## WHAT IS NEEDED
Below are some records; output exactly the lines from the line with "Jean Cornec, Laïcité" to the line with "Pour aller plus", both ends kept, and nothing more.

## MATERIAL FOR THE TASK
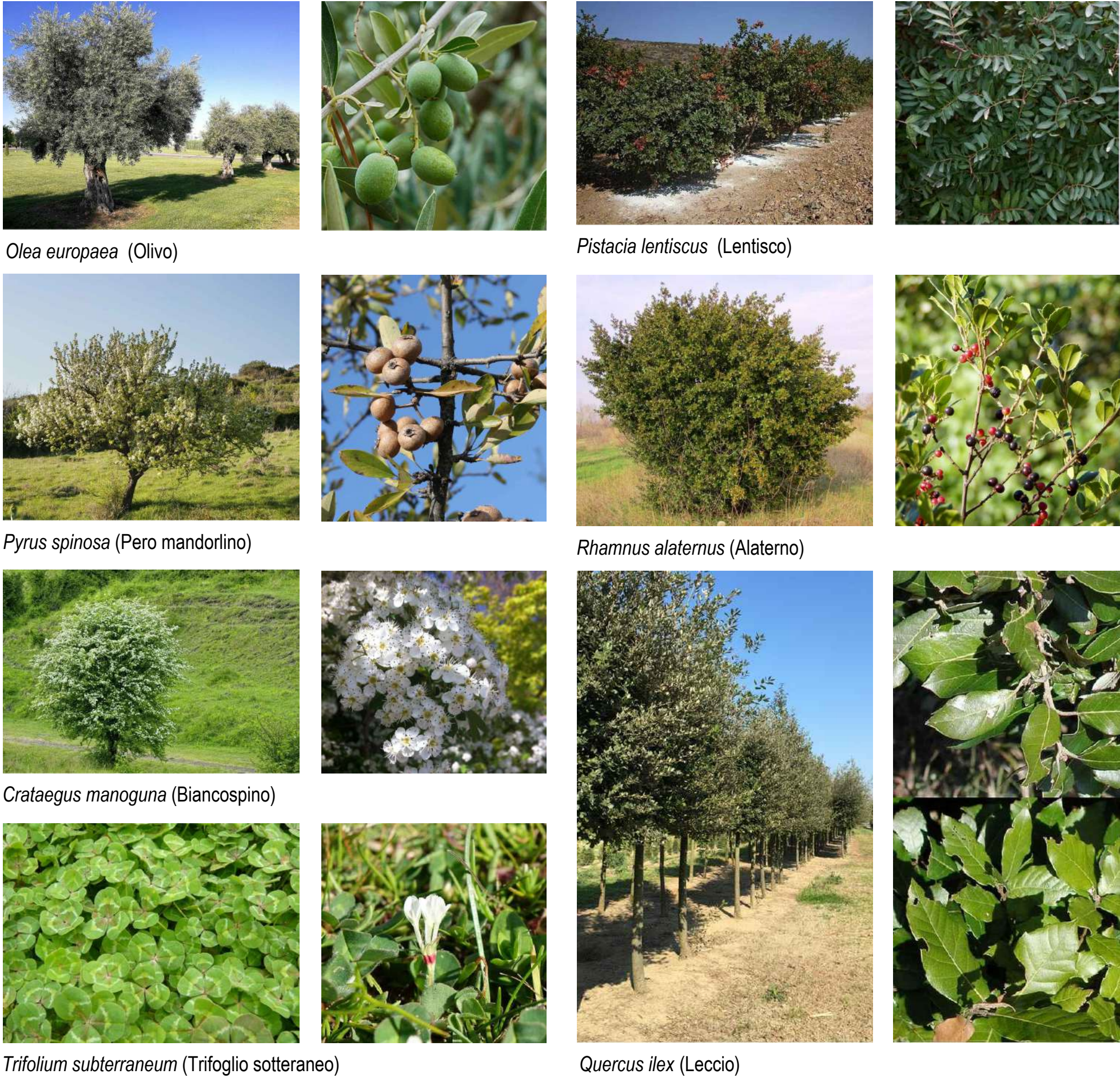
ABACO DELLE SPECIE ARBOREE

* * *

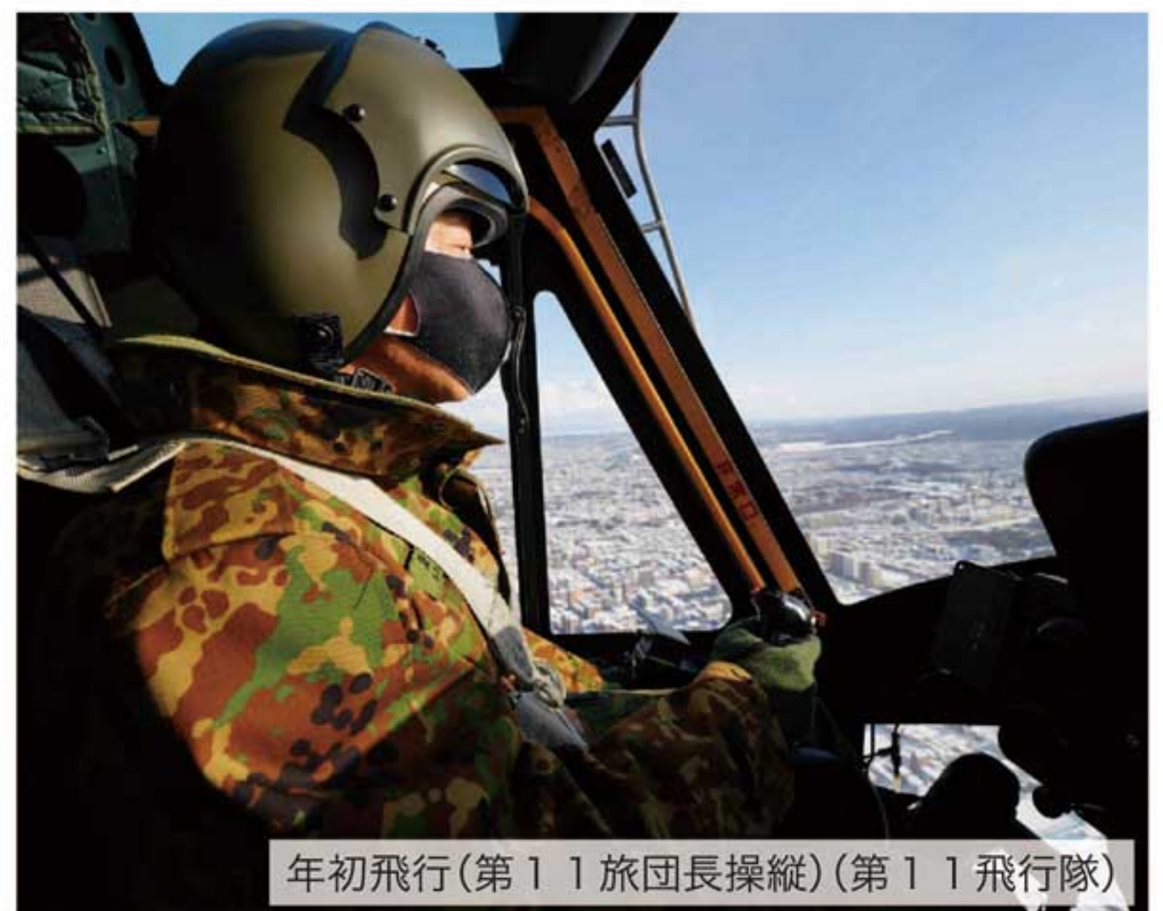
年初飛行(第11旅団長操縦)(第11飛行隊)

--

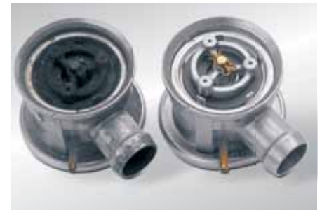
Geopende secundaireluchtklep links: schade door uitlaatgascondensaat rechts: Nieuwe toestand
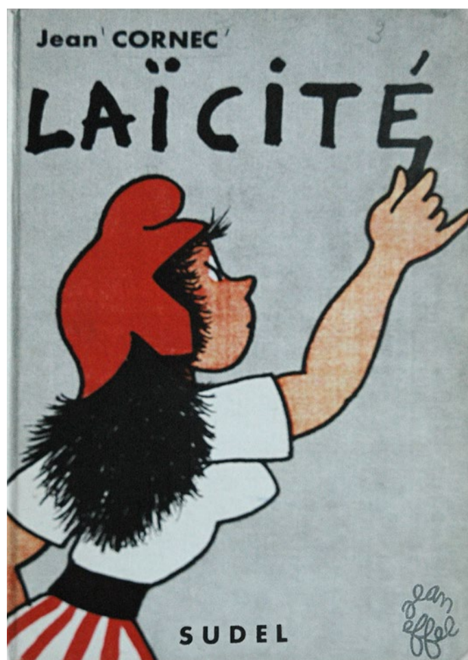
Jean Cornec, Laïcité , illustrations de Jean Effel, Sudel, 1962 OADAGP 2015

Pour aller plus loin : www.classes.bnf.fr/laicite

## FINISHED TASK
Jean Cornec, Laïcité , illustrations de Jean Effel, Sudel, 1962 OADAGP 2015

Pour aller plus loin : www.classes.bnf.fr/laicite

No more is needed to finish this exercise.